Ilijah Paul Gindiri (born July 26, 2002) is an American soccer player who plays for Major League Soccer club Real Salt Lake.

Career

Youth and college 
Paul played soccer for a variety of clubs at youth level, spending time with local sides San Tan Legacy and Arizona Soccer Club, before joining Valparaiso United FC, helping the team to end a fifteen year title drought for Arizona teams at the U.S. Youth Soccer National Championships. In 2018, he left Arizona to join the Real Salt Lake academy in Utah. In for the U16/17 side, Paul made sixteen appearances and led the team with ten goals. 2019 saw Paul join the Phoenix Rising academy, but also sign a USL academy contract that allowed him to retain his college eligibility. In September 2019, he was loaned to Phoenix's USL League One affiliate side FC Tucson, where he made three appearances. In late 2019, Paul joined his final academy side, the Barça Residency Academy, scoring six goals in as many appearances. 

In 2020, Paul committed to playing college soccer at the University of San Francisco.

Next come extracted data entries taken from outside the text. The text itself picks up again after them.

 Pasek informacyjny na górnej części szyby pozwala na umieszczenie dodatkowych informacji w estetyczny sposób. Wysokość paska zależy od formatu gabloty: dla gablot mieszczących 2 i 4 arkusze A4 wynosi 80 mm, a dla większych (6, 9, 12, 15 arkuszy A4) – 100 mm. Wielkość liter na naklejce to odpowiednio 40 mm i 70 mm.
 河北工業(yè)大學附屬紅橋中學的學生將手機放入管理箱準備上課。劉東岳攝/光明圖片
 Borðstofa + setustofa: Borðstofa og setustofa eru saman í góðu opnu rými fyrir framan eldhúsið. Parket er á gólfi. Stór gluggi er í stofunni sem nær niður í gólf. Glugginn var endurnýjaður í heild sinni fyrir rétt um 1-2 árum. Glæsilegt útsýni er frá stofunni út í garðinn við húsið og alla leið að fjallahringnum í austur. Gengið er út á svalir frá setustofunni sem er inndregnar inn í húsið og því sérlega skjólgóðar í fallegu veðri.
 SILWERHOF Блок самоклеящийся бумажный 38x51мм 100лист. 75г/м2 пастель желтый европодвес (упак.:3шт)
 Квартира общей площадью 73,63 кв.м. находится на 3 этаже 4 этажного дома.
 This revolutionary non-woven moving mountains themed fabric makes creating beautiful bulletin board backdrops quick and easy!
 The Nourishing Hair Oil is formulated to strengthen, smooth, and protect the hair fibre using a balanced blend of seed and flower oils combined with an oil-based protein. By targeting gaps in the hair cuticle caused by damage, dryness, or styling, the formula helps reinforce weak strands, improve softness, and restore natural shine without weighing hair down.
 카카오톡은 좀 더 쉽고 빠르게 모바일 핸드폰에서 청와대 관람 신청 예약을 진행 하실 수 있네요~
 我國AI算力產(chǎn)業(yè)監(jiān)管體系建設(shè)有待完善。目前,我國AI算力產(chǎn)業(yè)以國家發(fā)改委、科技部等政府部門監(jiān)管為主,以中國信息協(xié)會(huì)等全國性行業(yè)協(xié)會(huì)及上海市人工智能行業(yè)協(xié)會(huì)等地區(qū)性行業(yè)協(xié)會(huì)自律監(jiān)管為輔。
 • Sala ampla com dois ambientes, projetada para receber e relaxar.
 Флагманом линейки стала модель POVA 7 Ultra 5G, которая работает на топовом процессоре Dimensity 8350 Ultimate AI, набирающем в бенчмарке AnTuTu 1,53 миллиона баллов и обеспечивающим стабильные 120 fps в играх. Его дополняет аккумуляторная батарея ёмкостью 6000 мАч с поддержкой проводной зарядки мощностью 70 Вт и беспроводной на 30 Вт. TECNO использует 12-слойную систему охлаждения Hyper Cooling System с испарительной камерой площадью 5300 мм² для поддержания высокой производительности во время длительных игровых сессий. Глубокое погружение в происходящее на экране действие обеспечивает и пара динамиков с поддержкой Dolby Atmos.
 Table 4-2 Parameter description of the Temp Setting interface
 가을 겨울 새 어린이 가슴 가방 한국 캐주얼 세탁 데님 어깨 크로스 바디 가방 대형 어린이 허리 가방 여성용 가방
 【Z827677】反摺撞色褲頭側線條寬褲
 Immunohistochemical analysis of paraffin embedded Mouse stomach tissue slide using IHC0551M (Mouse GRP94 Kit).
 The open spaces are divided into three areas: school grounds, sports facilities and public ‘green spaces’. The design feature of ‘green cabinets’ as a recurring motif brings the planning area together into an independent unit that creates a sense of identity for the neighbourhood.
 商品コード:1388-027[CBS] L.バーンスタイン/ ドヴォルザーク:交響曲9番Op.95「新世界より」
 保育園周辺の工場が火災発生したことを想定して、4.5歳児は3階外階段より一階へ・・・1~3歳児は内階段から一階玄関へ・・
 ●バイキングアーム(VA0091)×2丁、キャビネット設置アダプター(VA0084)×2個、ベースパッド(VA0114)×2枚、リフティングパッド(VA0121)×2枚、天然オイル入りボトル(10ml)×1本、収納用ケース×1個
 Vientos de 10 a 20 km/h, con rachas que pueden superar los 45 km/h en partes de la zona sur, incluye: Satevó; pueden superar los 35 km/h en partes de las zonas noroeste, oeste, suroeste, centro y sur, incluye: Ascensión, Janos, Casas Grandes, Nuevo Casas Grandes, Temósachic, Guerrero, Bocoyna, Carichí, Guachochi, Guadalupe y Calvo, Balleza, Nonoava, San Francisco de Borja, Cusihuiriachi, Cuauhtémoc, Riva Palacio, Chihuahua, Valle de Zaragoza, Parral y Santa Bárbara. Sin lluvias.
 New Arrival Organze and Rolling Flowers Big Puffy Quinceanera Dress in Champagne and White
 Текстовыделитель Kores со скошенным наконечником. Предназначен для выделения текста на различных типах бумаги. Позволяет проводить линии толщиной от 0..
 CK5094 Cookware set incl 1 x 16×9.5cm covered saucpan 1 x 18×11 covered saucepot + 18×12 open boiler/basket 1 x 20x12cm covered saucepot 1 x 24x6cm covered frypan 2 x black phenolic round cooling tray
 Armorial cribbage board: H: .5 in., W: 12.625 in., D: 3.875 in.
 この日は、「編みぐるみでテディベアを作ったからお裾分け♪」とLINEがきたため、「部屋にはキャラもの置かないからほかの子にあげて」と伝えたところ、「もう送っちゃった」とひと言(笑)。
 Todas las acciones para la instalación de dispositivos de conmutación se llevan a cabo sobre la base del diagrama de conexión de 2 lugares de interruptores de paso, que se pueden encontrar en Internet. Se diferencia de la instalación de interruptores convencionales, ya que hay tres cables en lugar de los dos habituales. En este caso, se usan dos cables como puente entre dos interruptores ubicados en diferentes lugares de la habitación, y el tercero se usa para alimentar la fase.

During the 2020-21 season, which was truncated by the COVID-19 pandemic, Paul only made a single appearance for the Dons. In 2021, Paul transferred to the University of Washington, where he went on to score 11 goals and tallying five assists in 39 appearances for the Huskies. In his sophomore season, he was a MAC Hermann Trophy Semifinalist, Pac-12 Offensive Player of the Year, Pac-12 All-Conference First Team, and United Soccer Coaches All-Far West Region First Team.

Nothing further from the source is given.